Write a query to join the salesman_table with the sales_table (select all columns using an asterisk)
In [35]:
run('''
SELECT NULL
''')
#print(join_cheat4)
Out[35]:
Practice applying this "table_x.column_a" format to all columns in the SELECT clause when you are joining multiple tables, since multiple tables frequenty use the same column names even when they don't correspond.

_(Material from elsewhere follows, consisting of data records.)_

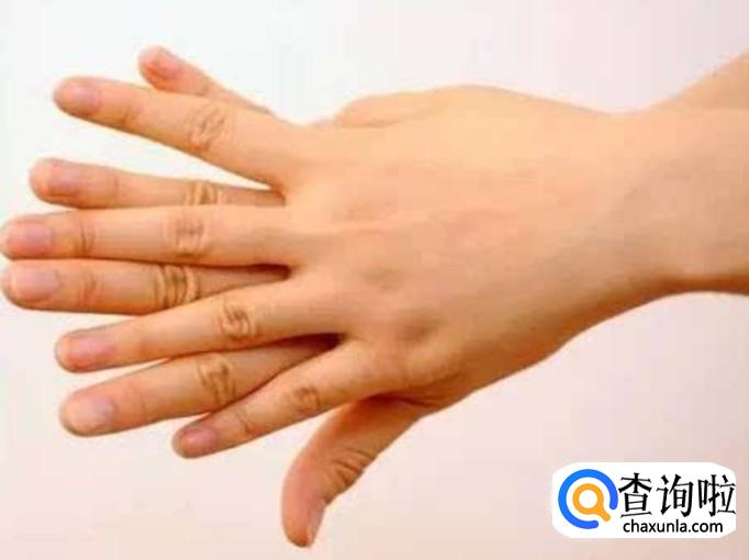 第3步:将一个手的手掌放在另一个手的手背上,和步骤二一样十指交叉。然后相互揉搓。做完了之后,换下一个手。第4步:两只手互相扣在一起,就像古代行礼的手势一样,相互的揉搓。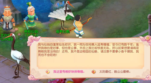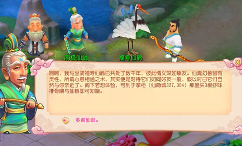 仙翁就此问题做了一番官方发言,见你还是大惑不解,就告诉你去买3根虾味排骨喂给他的坐骑福寿仙鹤便可知晓了。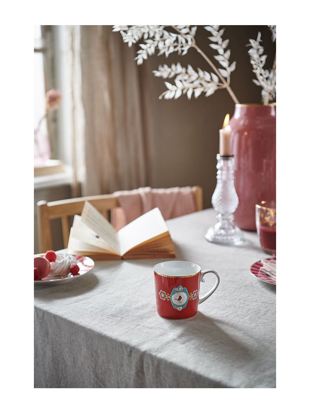 Hrnek Love Birds s medailonem s ptáčkem v jasné červené barvě vhodný na kávu. Nabízíme také v jiných barvách a velikostech.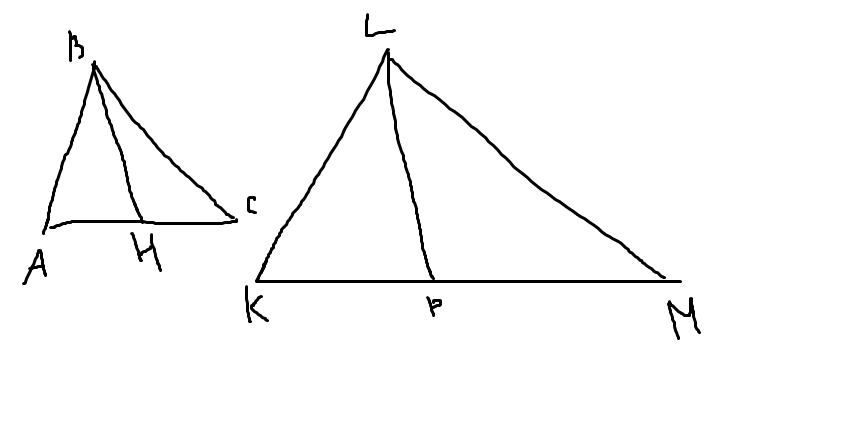 AB:KL=AH:KP, кут А = кут Р (за умовою). Отже, АВН і КРL - подібні.
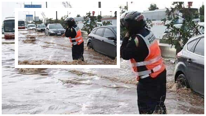 أثارت صورة شرطي ينظم حركة المرور بمدينة الدار البيضاء وسط السيول إعجاب المغاربة، حيث نوهوا بهذا الشرطي الذي استمر في تأدية واجبه غير آبه بالمياه التي غمرته من كل حدب وصوب.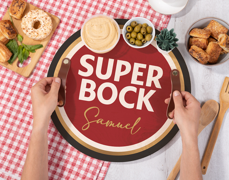 ¿Te encanta ser anfitrión? Si vas a preparar una fiesta casera y quieres dejar con la boca abierta a todos tus invitados... ¡tenemos algo que no puede faltar en tus celebraciones! Se trata de nuestra bandeja de madera personalizada. Es ideal para que puedas trasladar los aperitivos o la bebida de la cocina al salón, ¡es de lo más original y práctica! Además, si en vuestras fiestas caseras, algo que nunca sobra es la cerveza, está bandeja es ideal para estas pocasiones porque tiene estampado la mejor cerveza portuguesa, ¡la Super Bock! Y lo mejor es que es personalizable. ¡Podrás escribir el nombre que tú quieras! Por otro lado, si tú tienes a ese amigo que también es un anfitrión de 10, sorpréndele con esta bandeja tan especial. ¡Será un regalo único! Personalizar esta bandeja redonda es súper sencillo. El primer paso a seguir consiste en añadir el producto al carrito y entrar al área de personalización. Una vez ahí, ya puedes escribir el nombre que tú quieras. Pronto estará perfecto y listo para regalar. ¡Será un original regalo para fans de la cerveza! Medida: 41,5 centímetros de diámetro. Material: madera. Importante: Las maderas tienen vetas y estas quedan reflejadas en la imagen.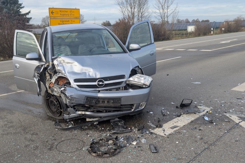 (ty) Zwei Verletzte, darunter ein Kind, und zwei demolierte Autos – das ist die Bilanz eines heftigen Verkehrsunfalls, der sich am gestrigen Nachmittag im Gemeinde-Gebiet von Reichertshofen ereignet hat. Gescheppert hat es gegen 14.10 Uhr auf der B13 wegen einer Vorfahrts-Missachtung. Wie die Polizei heute berichtet, war ein 18-Jähriger mit seinem Pkw auf der Bundesstraße – von Ingolstadt her kommend – in Richtung Reichertshofen unterwegs und wollte dann nach links auf die Staatsstraße 2049 abbiegen. Dabei kam es zur Kollision mit dem entgegenkommenden Wagen einer 54-Jährigen.

It's common to use single-letter aliases for tables to make queries shorter. Take a look at the query below and make sure you understand what's going on with the table aliases. It's the same query that you wrote earlier, but with aliases to help identify the columns
In [36]:
run('''
SELECT
S.customer_id,
C.gender,
S.revenue
FROM
sales_table AS S
JOIN cust_table AS C on S.customer_id = C.customer_id
''')
Out[36]:
Join the sales_table (assign it the alias S) and salesman_table (alias SM) again.
In [37]:
run('''
SELECT NULL
''')
#print(join_cheat5)
Out[37]:
There are different types of joins you can do according to your needs. Here's a helpful way to visualize your options: http://www.codeproject.com/Articles/33052/Visual-Representation-of-SQL-Joins
However, not all types of joins are compatible with SQLite and MySQL. The table below breaks down compatibility:
In [38]:
join_differences
Out[38]:
So far, we've just done a simple join, also called an "inner join". To illustrate different types of joins, we're going to use a different "database" for the following lesson. First, let's take a look at each one:
In [39]:
run('''
SELECT
*
FROM
Dog_Table
''')
Out[39]:
In [40]:
run('''
SELECT
*
FROM
Cat_Table
''')
Out[40]:
Notice that the Owner_Name columns on each table have some corresponding values (Michael, Gilbert, May and Elizabeth and Donna are in both tables), but they both also have values that don't overlap.
SELECT
*
FROM
table_x X
JOIN table_y Y ON X.column_a = Y.column_a # Returns rows when values match on both tables.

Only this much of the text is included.